Everything starts with awareness. However, awareness has little value unless it turns into execution. If we are going to master the Phygital game, here are some key components that will help us do that.

Better understand our audience from a behavioral perspective.

Embracing segmentation of the different relationship avatars that are critical to the success of building connection and culture.

More journey mapping of touchpoints and embracing data analytics to understand and strengthen the journey of both customers and distributors.

The adoption of emotional and empathy mapping, a tool used in collecting data about customers to better understand the target customer base. They allow you to visualize customer needs, condense customer data into a clear, simple chart, and help you see what customers want—not what you think they want.

Utilization of new technologies to understand and enhance our ability to win the experience game.

Train our distributors so they can succeed in the digital world and learn from those who bring that understanding to us.

It will require us to modify our thinking around scaling our businesses. To scale up, we must
scale down. We must get in the trenches with our people to ensure we see the world from their perspective.

We are at the beginning of the Phygital movement. Mastering the experience game both online and offline is the “new normal.” It will drive sales, improve customer retention, elevate distributor engagement, attract a different type of talent to our industry, magnify the power of our brands and enhance the perceptions about direct selling. Ultimately, it will ensure that direct selling remains relevant and leads in the marketplace as both a distribution channel and business opportunity.

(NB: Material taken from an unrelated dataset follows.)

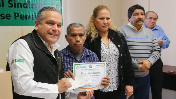 Tras refrendar la buena relación que mantiene el Sindicato Único de Empleados y Trabajadores del Republicano Ayuntamiento de Tampico (SUETRA), con la actual administración, el presidente municipal Gustavo Torres Salinas, hizo entrega a 12 empleados, de reconocimientos y el cheque correspondiente a la prima de antigüedad por más de 30 años de servicio.
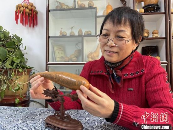 圖為長約二十公分的長條葫蘆雕刻佛教經文作品。 張婧 攝

There will be other key aspects of our business model that continue to evolve. We are seeing a shift in compensation plans and strategies. There will be increased focus on the micro-entrepreneurs and retailers from the customer-centric shift that started around 2016.

The best way to summarize the key to the future of direct selling is through the words of Peter Drucker. Change is often a turbulent time. During these times, we all need to embrace his wisdom. He noted, “The greatest danger in times of turbulence is not the turbulence; it is to act with yesterday’s logic.” The time to embrace the Phygital movement is now. We must expand how we build culture and community. Those that do will be the future leaders in direct selling globally.

 

Gordon Hester is a direct selling industry veteran, lecturer, consultant and an accomplished author. He is on the DSA Research Committee, the DSA Government Relationship Committee and is on the Board of the DSEF. Hester owns a stack technology company, Shapetech Solutions.